◆ **EXERCISE PROMPT**:
Would you return the records below character for character, without any images?

[EXCERPTED DATA]

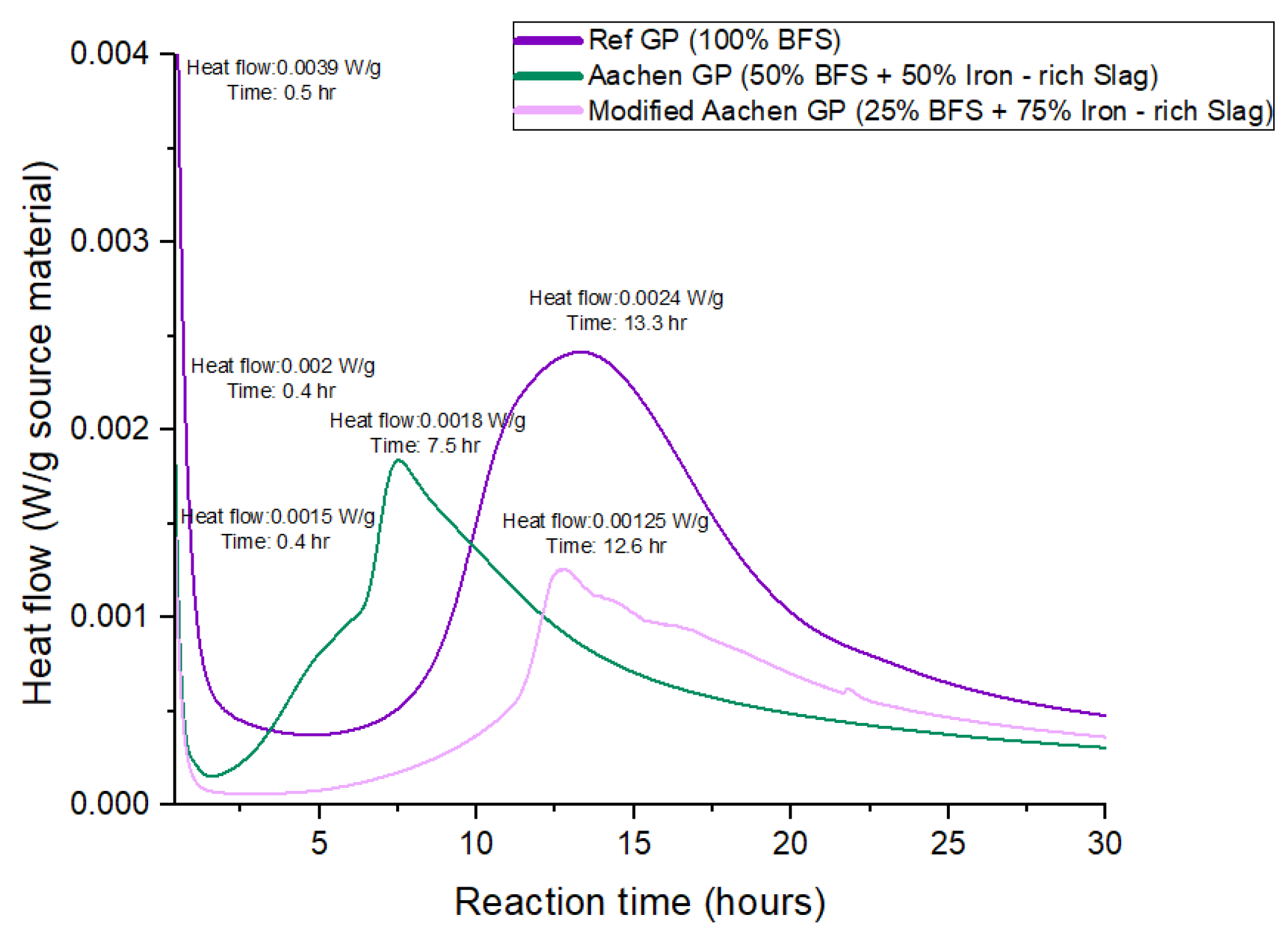 Heat flow curves of alkali-activated materials (AAMs) during isothermal activation, showing full heat evolution over 15 days, the first exothermic peak, and the second acceleration peak for Ref GP, Aachen GP, and Modified Aachen GP. The purple line represents Ref GP (100% BFS), the green line represents Aachen GP (50% BFS + 50% iron-rich slag), and the pink line represents Modified Aachen GP (25% BFS + 75% iron-rich slag).
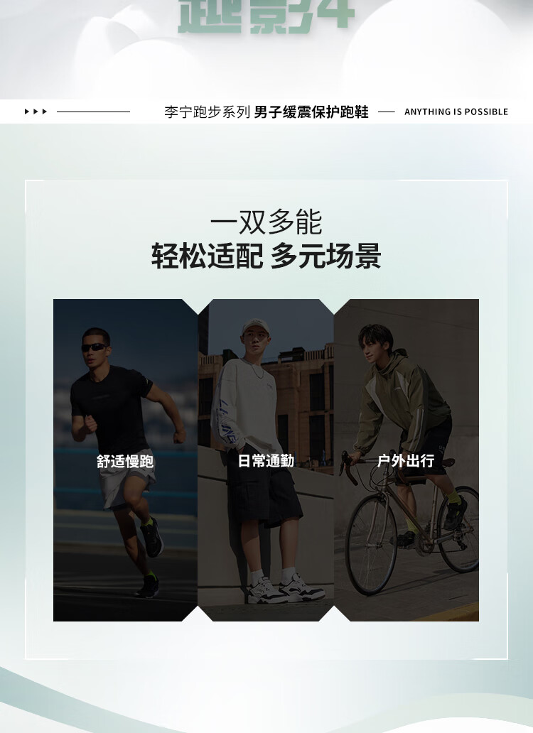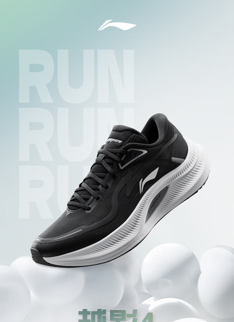 李宁越影4丨反光轻质缓震保护跑鞋男子25新品柔软舒适鞋子ARHV001
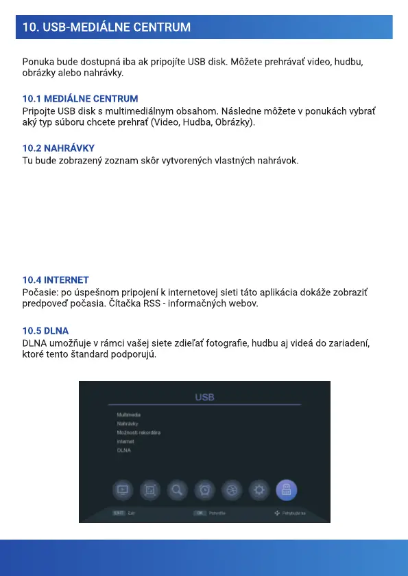 Pre túto funkciu je vyžadované pripojenie USB záznamového zariadenia - disku.
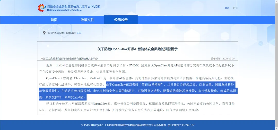 首先是安全风险。不久前,工业和信息化部网络安全威胁和漏洞信息共享平台(NVDB)公开发文,提醒相关单位防范OpenClaw的安全风险。
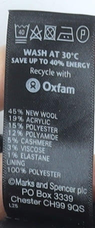 - Material Breakdown: 45% Wool 19% Acrylic 15% Polyester 12% Polyamide 5% Cashmere 3% Viscose 1% Elastane
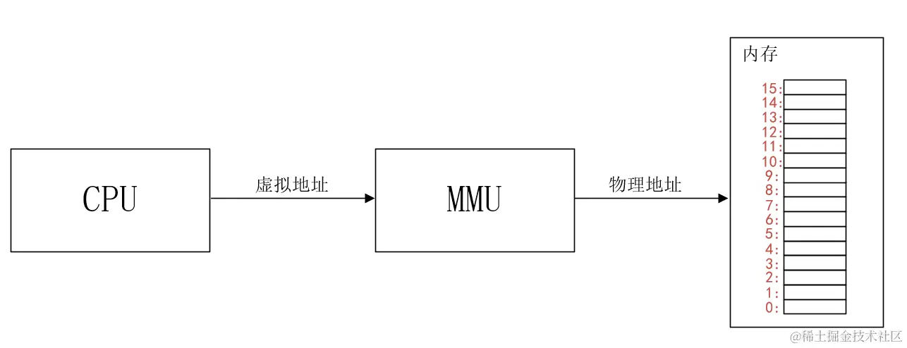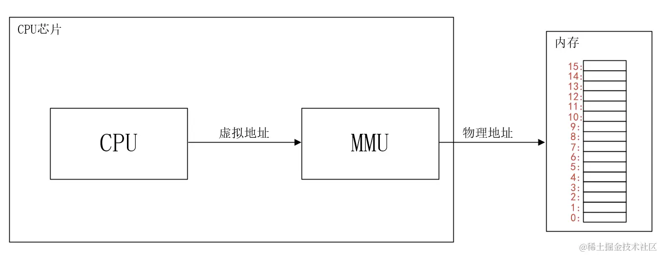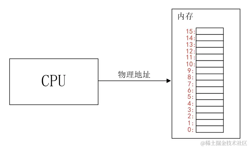 原先CPU在执行指令时,将指令用到的内存地址会直接发送给内存,如下图所示:

[/EXCERPTED DATA]

◆ **RESPONSE TO THIS EXERCISE**:
 Heat flow curves of alkali-activated materials (AAMs) during isothermal activation, showing full heat evolution over 15 days, the first exothermic peak, and the second acceleration peak for Ref GP, Aachen GP, and Modified Aachen GP. The purple line represents Ref GP (100% BFS), the green line represents Aachen GP (50% BFS + 50% iron-rich slag), and the pink line represents Modified Aachen GP (25% BFS + 75% iron-rich slag).
 李宁越影4丨反光轻质缓震保护跑鞋男子25新品柔软舒适鞋子ARHV001
 Pre túto funkciu je vyžadované pripojenie USB záznamového zariadenia - disku.
 首先是安全风险。不久前,工业和信息化部网络安全威胁和漏洞信息共享平台(NVDB)公开发文,提醒相关单位防范OpenClaw的安全风险。
 - Material Breakdown: 45% Wool 19% Acrylic 15% Polyester 12% Polyamide 5% Cashmere 3% Viscose 1% Elastane
 原先CPU在执行指令时,将指令用到的内存地址会直接发送给内存,如下图所示:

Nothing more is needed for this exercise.